Katherine Ward, a Fort Worth police officer, was at the Willow Tree Apartment parking lot at 11:30 p.m. on January 7 when the blue Mustang arrived. She testified that at approximately 3:00 a.m. on January 8, she observed another car enter the parking lot, heard a car door slam, and then saw the suspect they were searching for come around one of the buildings and walk to the blue Mustang. The suspect *819then went to the Mustang, put a blue sweatshirt inside the car, sat down for a minute and then got out of the car. At this point, Ward and other officers approached the suspect and attempted to arrest him. A struggle ensued when the suspect attempted to reach into his car. Ward identified appellant as the man they arrested.

Appellant contends, in grounds of error three and four, that the evidence is insufficient to support a verdict based on appellant’s flight from an attempted burglary and that the trial court erred in submitting a charge on flight as an aggravating factor. The trial court’s charge to the jury tracked the indictment and authorized the conviction for aggravated kidnapping if the jurors found that the kidnapping was committed “with the intent to facilitate the flight after the attempted commission of a felony, to wit: the burglary of the habitation of Loretta McDonald.” The charge also included instructions on the lesser included offense of kidnapping.

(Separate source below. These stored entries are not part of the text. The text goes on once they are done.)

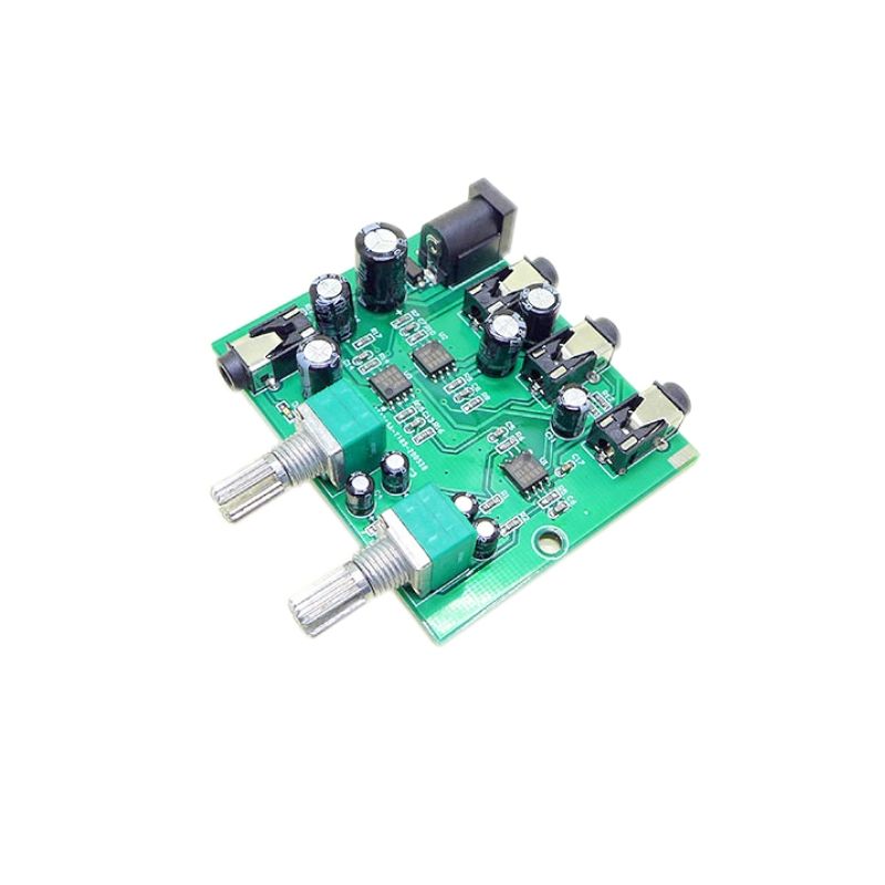 Feature All sockets is stereo 3.5mm, input one way, both 2 ways output is same.And input two at the same time, then output will be the mixed sound. Two inputs can input two different sound sources at the same time, and plug in at the same time will not affect each other. The output is also, You can connect two headphones or two amplifiers at the same time. The first stage OP AMP is NJM4580, and the second stage driver is NJM4556A high-current operational AMP, all of them are ,which is stable low noise. Package include: 1*Mixer board(without power adapter)
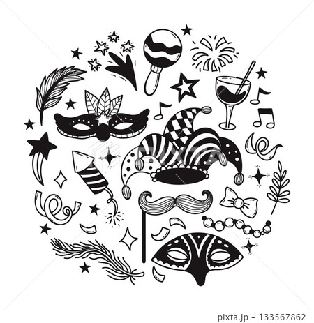 Carnival Celebration Doodle. Theatrical, Party, Masquerade masks, music notes and Festive decorations. Isolated Hand-drawn scribble icons. Vector Illustration for holiday design themes. Not AI
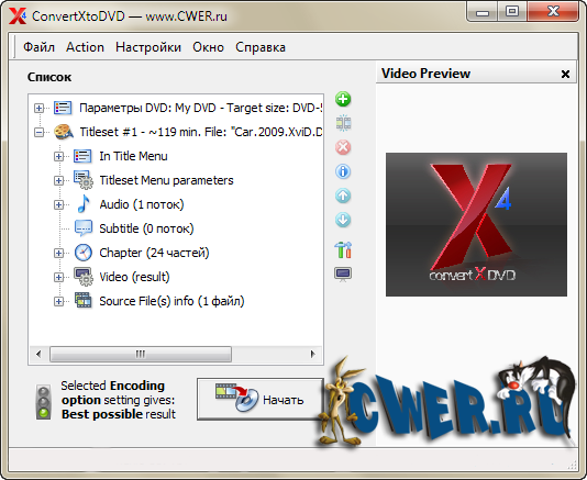 ConvertXtoDVD - программа предназначена для преобразования видео в формат, совместимый с DVD Video, и последующей записи содержимого на DVD. Программа поддерживает видеофайлы Mpeg, Mpeg, Mpeg4, MP4, VOB, WMV, DV, AVI, а также потоковое видео. Для работы программы не нужны внешние AVI-кодеки, поскольку она использует собственные. ConvertXtoDVD может автоматически создавать фрагменты (chapters), поддерживает наличие нескольких аудиодорожек, работает с субтитрами (.SRT .SUB/IDX .SSA). Также программа поддерживает создание несложного меню для DVD, в котором можно установить фон, выбрать цвет и другие параметры шрифта для надписей.

TEX.PENAL CODE ANN. sec. 30.02 (Vernon 1974) states, in pertinent parts, as follows:

(a) A person commits an offense if, without the effective consent of the owner, he:
(1)enters a habitation, or a building (or any portion of a building) not then open to the public, with intent to commit a felony or theft;
(b) For purposes of this section, “enter” means to intrude:
(1) any part of the body; or
(2) any physical object connected with the body.

Id. Further, TEX.PENAL CODE ANN. sec. 30.01 (Vernon 1974) provides the following pertinent definitions:

(1) “Habitation” means a structure or vehicle that is adapted for the overnight accommodation of persons, and includes:
(A) each separately secured or occupied portion of the structure or vehicle; and
(B) each structure appurtenant to or connected with the structure or vehicle.
(2) “Building” means any enclosed structure intended for use or occupation as a habitation or for some purpose of trade, manufacture, ornament or use.

Id.

TEX.PENAL CODE ANN. sec. 15.-01(a) (Vernon Supp.1986) defines criminal attempt as follows:

(a) A person commits an offense if, with specific intent to commit an offense, he does an act amounting to more than mere preparation that tends but fails to effect the commission of the offense intended.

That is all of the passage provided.